Sebbene i dettagli della visita rimangano segreti, fonti private dicono a The Cradle che ai funzionari iracheni è stata presentata una nuova strategia di dispiegamento per le forze statunitensi nella Siria orientale. L’attuazione di questa strategia è prevista una volta conclusi gli sforzi di rinforzo degli Stati Uniti.

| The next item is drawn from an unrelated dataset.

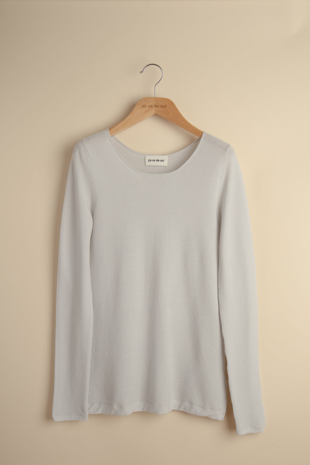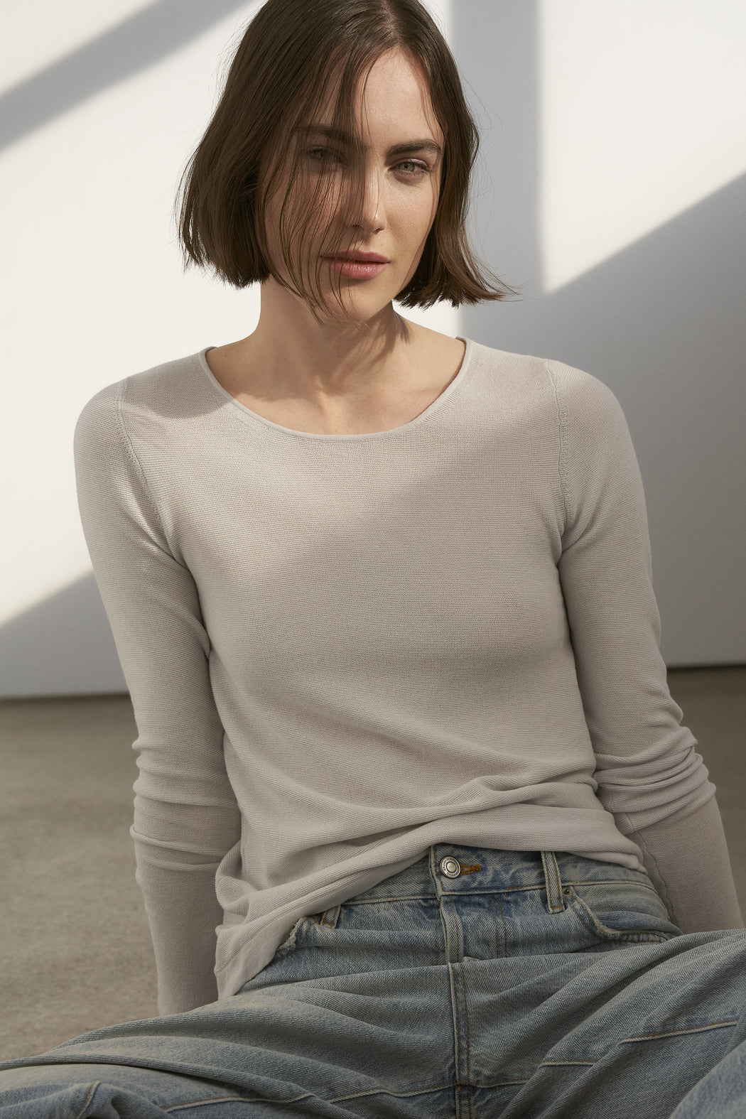 It's made of COM4-ZERO™ Egyptian cotton, an Italian yarn that combines the age-old beauty of Egyptian cottons with state-of-the-art spinning technology, virtually eliminating the fuzz in the yarn that might create pilling over time. Slightly twisted, this yarn advantageously retains the natural elasticity of the fibre, which gives more movement to the garments it generates. Smoother, it gains in solidity to better resist time. More stable, it retains its colors indefinitely.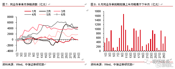 6月同业存单到期压力仍大。从同业存单到期规模上看,6月共有1.64万亿到期,与5月份到期量基本接近,全年来看仅低于3月和4月到期量,因而同业存单续作压力仍在。从月内到期节奏上看,上半月到期压力略高于下半月。在地方债发行有所加速、财政支出尚未下达的时间差内,上半月同业存单到期压力可能加大银行间资金面的波动性。

Le fonti aggiungono che gli americani hanno sottolineato la necessità di neutralizzare le fazioni armate sciite irachene e di prevenire il loro coinvolgimento in potenziali scontri tra le forze statunitensi e l’SAA lungo il confine iracheno. Come ha detto a The Cradle Ghazi Faisal, direttore del Centro iracheno per gli studi strategici, l’interesse degli Stati Uniti per la Siria non sembra essere diminuito di una virgola:
“Il piano di Washington in Siria ha tre assi: costringere Mosca a portare più forze in Siria per alleviare la pressione sull’Ucraina, bloccare la presenza iraniana in Siria e tagliare la fornitura iraniana di missili avanzati a Hezbollah in Libano”.
Qamishli, una città situata nel nord-est della Siria a circa 680 km da Damasco, emerge come un potenziale epicentro per lo scontro in corso tra gli interessi statunitensi e russi, a causa delle sfere di influenza coesistenti tra le forze statunitensi e le SDF da un lato, e dall’altro , la posizione militare russa in un aeroporto locale.
In questo intricato mix, anche diverse fazioni militari allineate sia con Teheran che con Damasco rivendicano queste aree. Kirill Semenov, esperto del Consiglio russo per gli affari internazionali, osserva che “In caso di provocazione da parte di qualsiasi parte, tutte le possibilità saranno disponibili”.